WHAT YOU WILL DO:
In the data below, begin at the line with "L’Anti-Mousses Gazon Concentré" and stop after the line with "Fischer DEC Express"; output those lines exactly and no pictures.

SOURCE RECORDS:
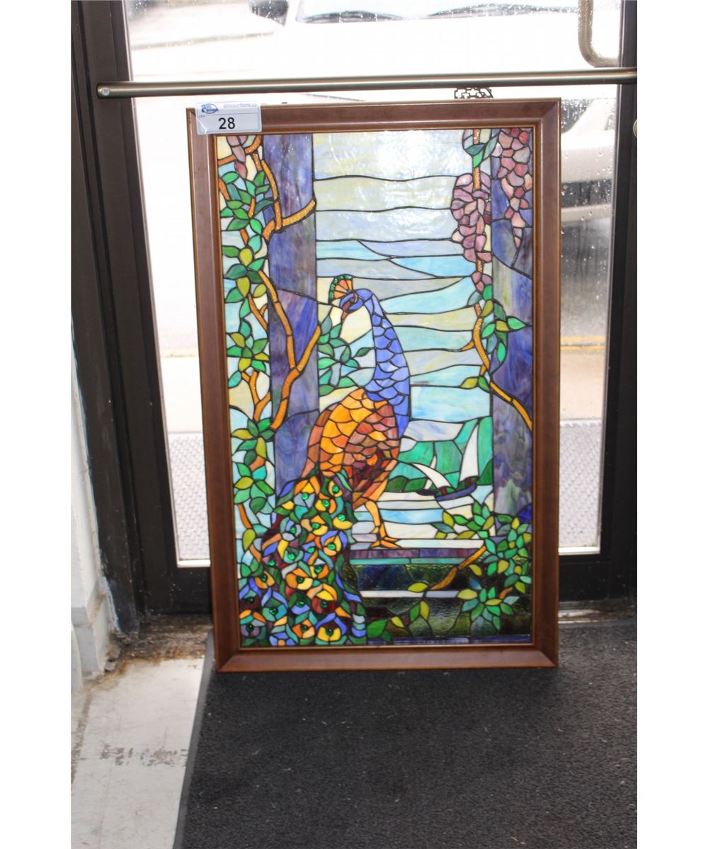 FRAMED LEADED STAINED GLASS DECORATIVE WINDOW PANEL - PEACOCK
...
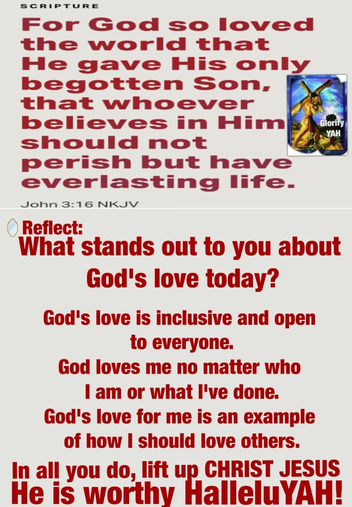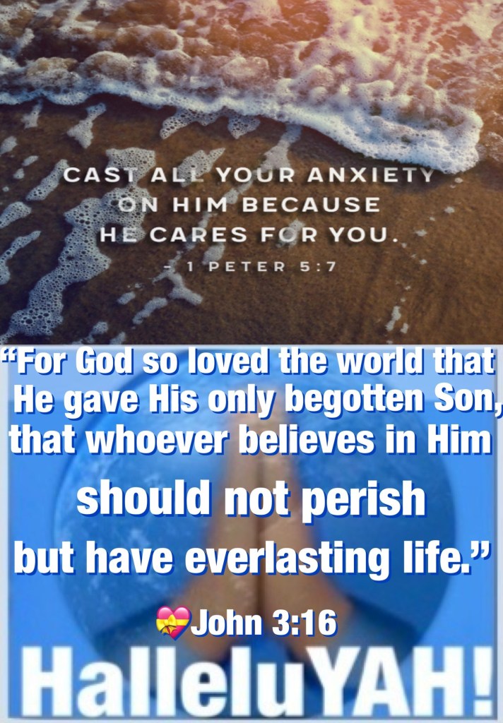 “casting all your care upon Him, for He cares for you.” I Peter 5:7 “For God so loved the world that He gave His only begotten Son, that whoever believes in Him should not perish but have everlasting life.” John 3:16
==
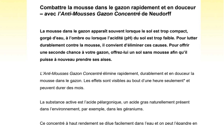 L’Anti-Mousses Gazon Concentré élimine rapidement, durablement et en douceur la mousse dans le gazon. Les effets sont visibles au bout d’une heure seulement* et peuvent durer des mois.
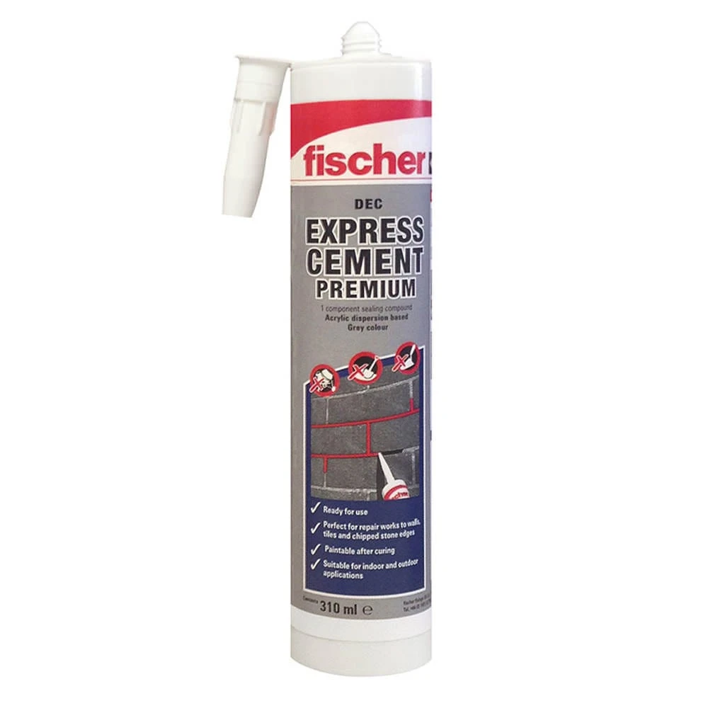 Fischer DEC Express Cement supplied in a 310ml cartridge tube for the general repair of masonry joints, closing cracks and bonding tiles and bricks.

RESPONSE AREA:
 L’Anti-Mousses Gazon Concentré élimine rapidement, durablement et en douceur la mousse dans le gazon. Les effets sont visibles au bout d’une heure seulement* et peuvent durer des mois.
 Fischer DEC Express Cement supplied in a 310ml cartridge tube for the general repair of masonry joints, closing cracks and bonding tiles and bricks.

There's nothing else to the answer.